#1

#7**0 **

There actually are square roots for negative numbers- just not real numbers. Read the problem. It specifically says "complex numbers". Complex numbers have imaginary parts to it.

thelizzybeth
Jun 14, 2020

#9**+1 **

jimkey17:

There are square roots for negative numbers. Mathematicians defined the complex unit \(i\) such that \(i^2 = -1\), which in other words, \(i = \sqrt{-1}\). The set of all complex numbers is isomorphic to the set \(\left\{(a, b) \in\mathbb R^2: \begin{pmatrix}a&-b\\b&a\end{pmatrix}\right\}\).

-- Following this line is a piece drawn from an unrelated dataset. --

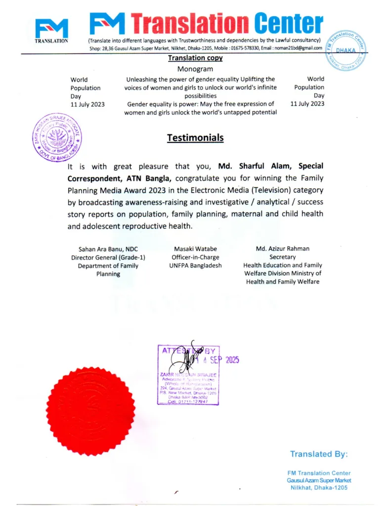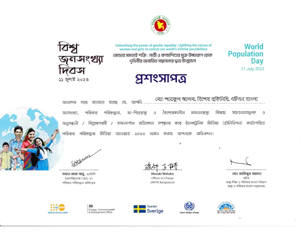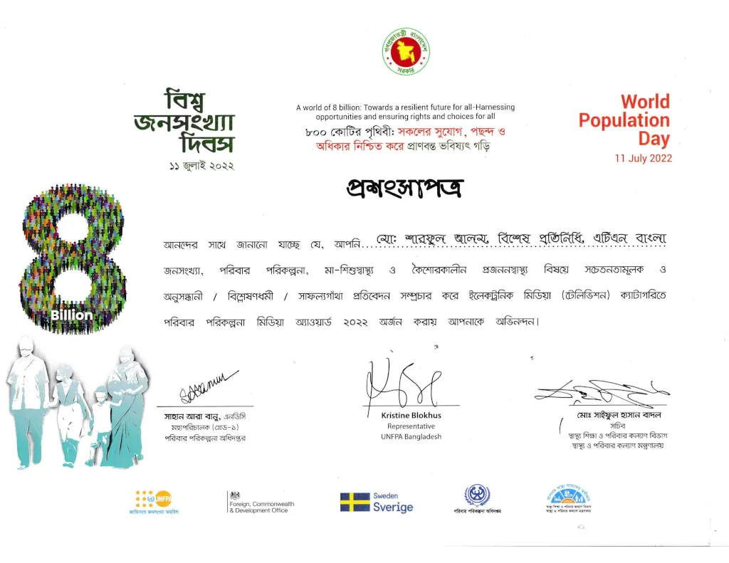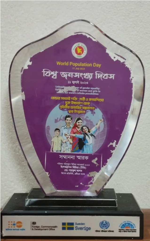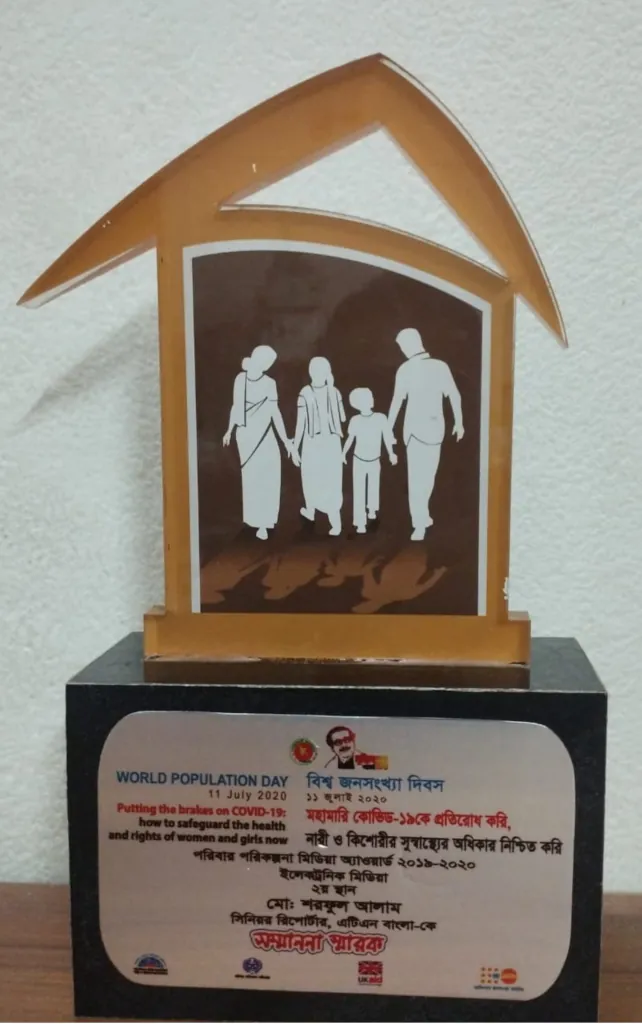 On 11 July 2020, I was formally recognised by the Directorate General of Family Planning (DGFP), under the Ministry of Health and Family Welfare of the Government of the People’s Republic of Bangladesh, for my work in journalism focusing on family planning, maternal and child health, and sexual and reproductive health and rights (SRHR) issues. The award was announced at the virtual programme for World Population Day 2020, which this year was held virtually in light of the COVID-19 pandemic.
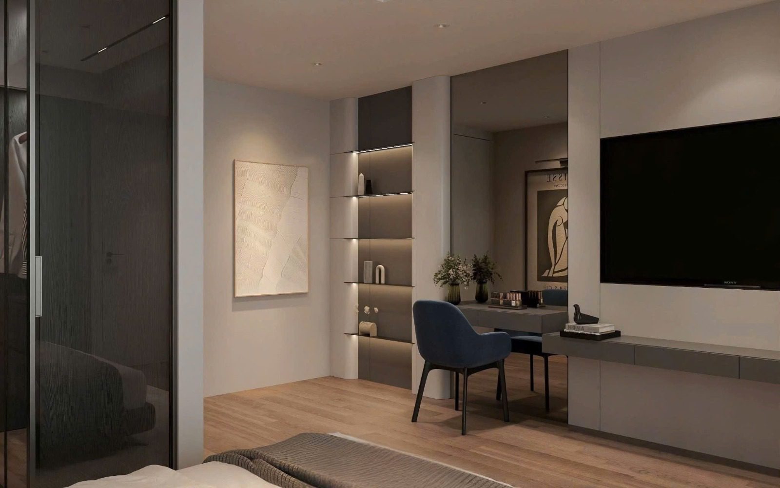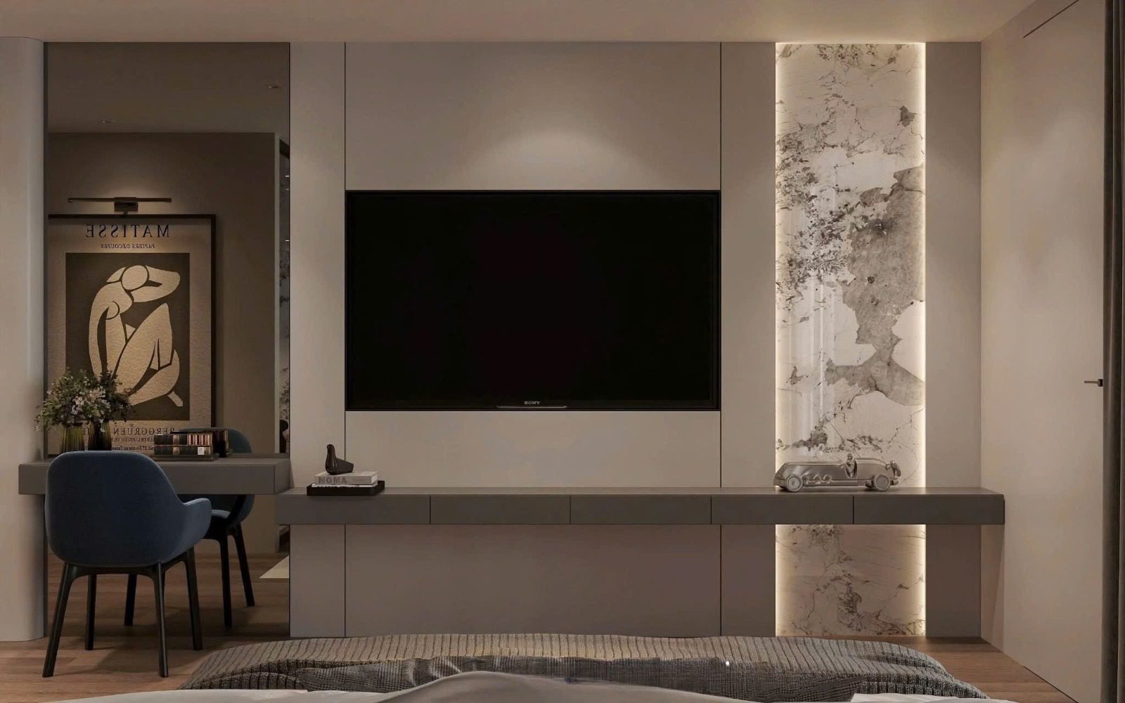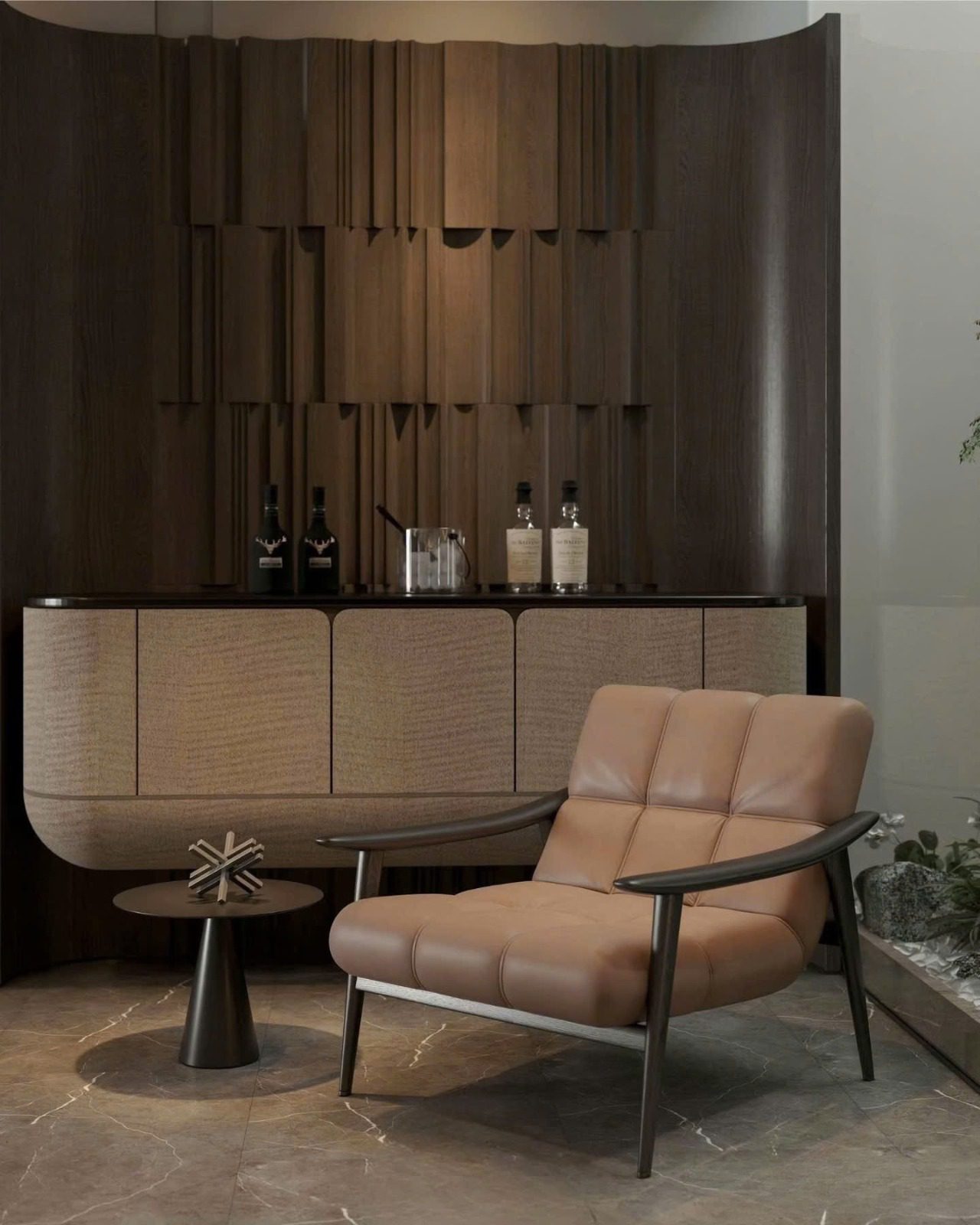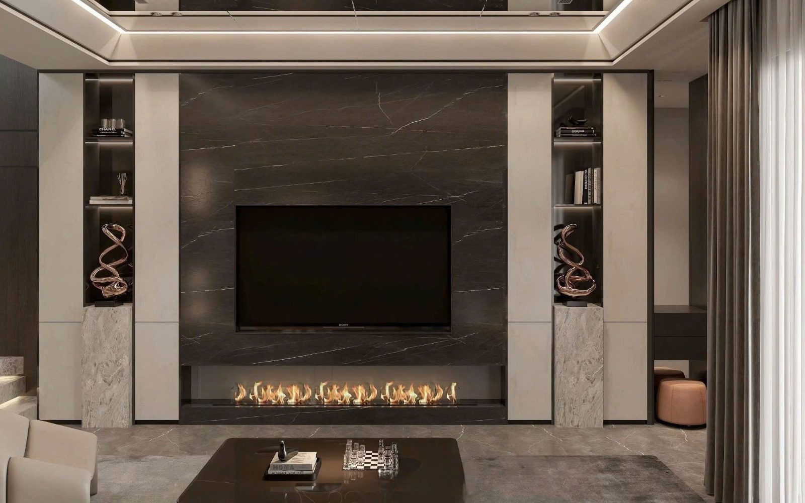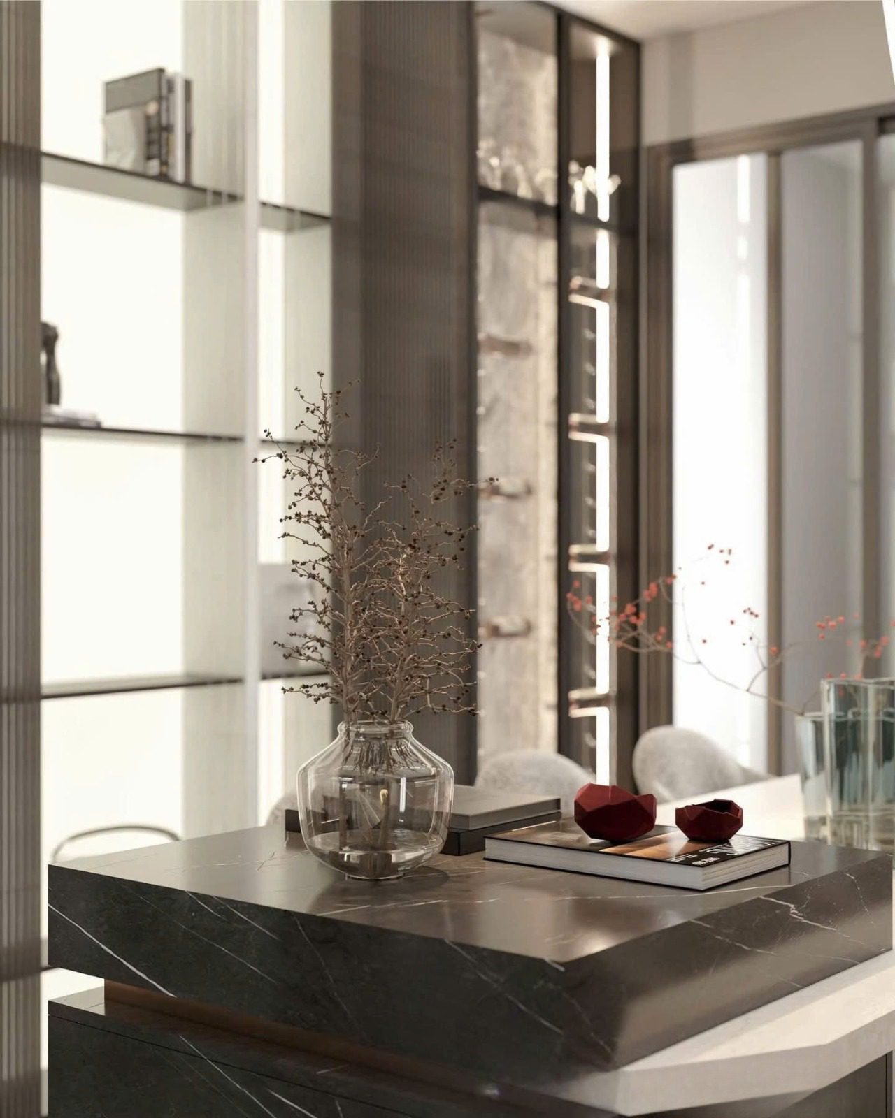 Vật liệu chủ đạo: gỗ veneer, đá trung tính, kính và kim loại sơn đen mờ

Here is a related article on Wikipedia: https://en.wikipedia.org/wiki/Complex_number

MaxWong
Jun 14, 2020

#10**+1 **

Attn: theLizzybeth,

I have looked at your history and seen that you have provided many quality answers. I thank you for that.

Jimkey is also a valuable member of this forum.

I share Max's view that Jimkey has had no prior experience with complex numbers. Hence he has been taught that there are no square roots for negative numbers. Certainly, in the real number system, he is correct.

Please be aware that people are at different places in their learning.

Thanks Max ;)

Melody
Jun 15, 2020

#2**0 **

I'm assuming you mean \({z^2=-4}\)..!

Taking the square root if both sides we get \( {\pm(z)}=\pm\sqrt(-4)\).

so since \( {\sqrt(4)\sqrt(-1)=\sqrt(4)i=2i}\)(remember \({\sqrt(-1)=i}\))

we add the plus/minus sign back on so \({z=\pm(2i) }\)for all complex numbers

Guest Jun 14, 2020

#6**+1 **

Solve this as a polynomial, complete the square, and factorize.

First write it as \(z^4+4=0\)

Complete the square. \(z^4+4z^2+4-4z^2=(z^2+2)^2-(2z)^2=(z^2+2z+2)(z^2-2z+2)\)

We can factorize these two quadratics using \(x = {-b \pm \sqrt{b^2-4ac} \over 2a}\) to find our answer (four complex numbers):

\(-1+i, -1-i, 1+i, 1-i\) or \(-1\pm i, 1\pm i\)

thelizzybeth Jun 14, 2020